Ci furono però parlamentari, senatori ed europarlamentari che, essendo gli unici ad avere il mandato ispettivo, cominciarono a visitare quei luoghi, a denunciarne le carenze e le condizioni di vita che vi venivano imposte, a provare a scardinare questo sistema. Certo, di centri ce ne erano in tutta Europa, nel 2005 (fonte Migreurop) 174, in Italia si arrivò a un massimo di 14 strutture che costarono milioni di euro l’anno e che, anche in base agli scopi per cui erano state aperte, si dimostrarono fallimentari. I dati di 14 anni fa indicano che al massimo il 48% delle persone trattenute veniva poi effettivamente rimpatriato, con costi che si aggiravano attorno agli 8mila/12mila euro per ogni espulsione. Il tutto per detenere 2mila/3mila persone, rispetto ai dichiarati “600mila clandestini”, in parte rinchiusi nei centri dopo periodi di detenzione in cui non erano stati identificati, i cui provvedimenti di convalida del trattenimento erano affidati a giudici di pace (mai utilizzati fino ad allora per autorizzare la limitazione della libertà personale).

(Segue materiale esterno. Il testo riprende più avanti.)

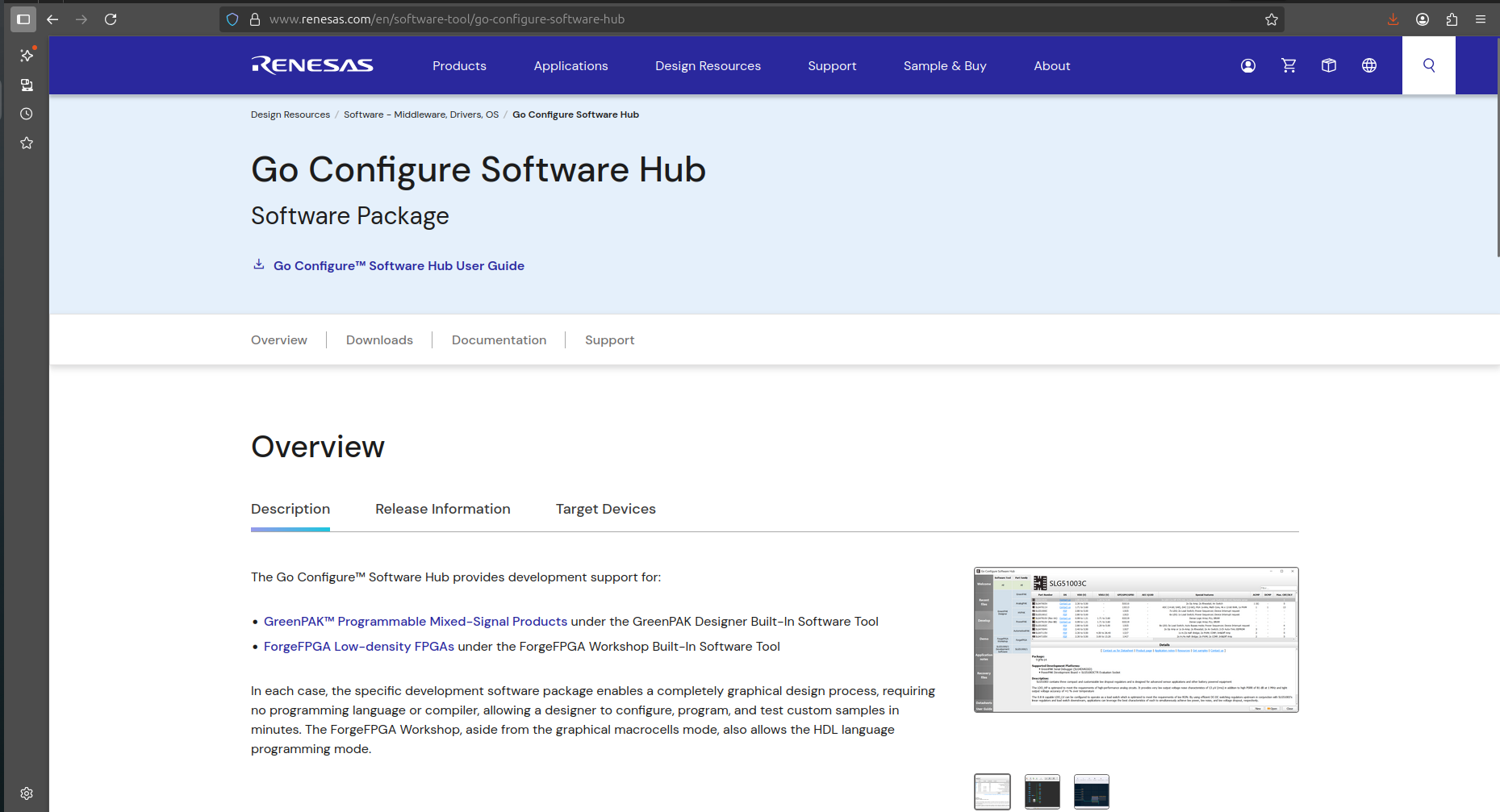 Open the Go Configure Software Hub page on browser of you choice. The page is linked here. If this link is not working then google search the keywords “ renesas go configure hub “ and open the first link. You should land here.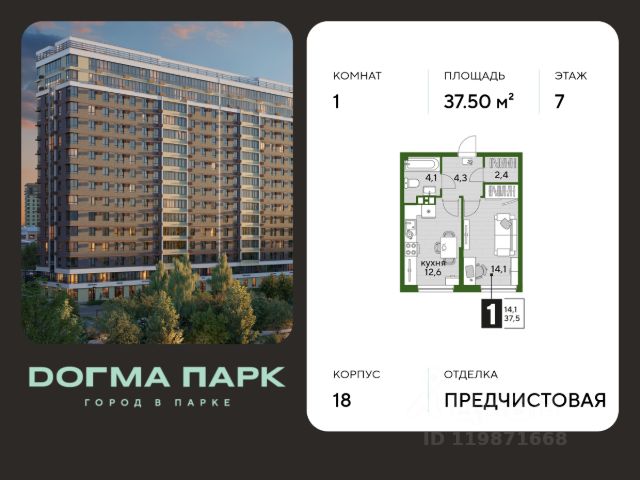 В продаже 1-комнатная квартира от застройщика! Мкр. "ДОГМА ПАРК" г. Краснодар, Литер 35 Срок сдачи: 2 кв. 2027, общей площадью 34.00 кв.м., на 10 этаже. Скидка до 25% на ограниченный пул квартир!* ДОГМА ПАРК-это новый микрорайон, сочетающий в себе стильную архитектуру современного города, и настоящий зеленый оазис, который расположится прямо во дворе. Первая очередь проекта расположена в непосредственной близости от собственного ЭКО-парка. • Собственный парк 7,3 га • Благоустройство всего МКР 5,5 Га • Безбарьерная среда • Дизайнерские лифтовые холлы • Быстрые бесшумные лифты • Подземный паркинг и кладовые • Зарядные устройства для электромобилей • Панорамные виды из квартир с витражным остеклением • Просторные дворы • Прогулочные пешеходные аллеи • Велодорожка • Воркаут-зоны • 3 школы и 5 детских садов • Современные детские площадки • Баскетбольная и универсальная спортивные площадки • Медицинская клиника • Фитнес-центр с бассейном • Торгово-развлекательный центр • Охрана на территории микрорайона Приобрести квартиру можно одним из способов: -субсидированная семейная ипотека 4,5 % на весь срок -рассрочка до конца строительства -оплата наличными -дистанционная покупка Позвоните сейчас и забронируйте квартиру со скидкой! *предложение актуально для тех, кто планирует покупку за наличный расчет или по стандартным ипотечным программам. Условия акции: Размер скидки: до 25%. Условия оплаты: 100% расчет или ипотека без субсидий. Срок действия: до 31.03.2026 г.

Queste persone una volta non rimpatriate, tornavano fuori in condizioni di irregolarità con l’obbligo di lasciare entro pochi giorni il territorio nazionale ma senza alcun Paese intenzionato ad accoglierle.
Un mix di propaganda e costruzione della fortezza escludente per rinchiudere il “nemico interno”, con l’intento di dimostrare che lo Stato si prendeva cura della sicurezza dei cittadini. Oltre che gli ex detenuti sono finiti nei centri persone che avevano perso il lavoro e quindi il diritto di restare in Italia, richiedenti asilo a cui non era stata riconosciuta la protezione internazionale o umanitaria, lavoratori e lavoratrici al nero (in particolar modo nel lavoro di cura), vittime di tratta per sfruttamento sessuale che non usufruivano delle normative atte a tutelarle, a volte persino minori.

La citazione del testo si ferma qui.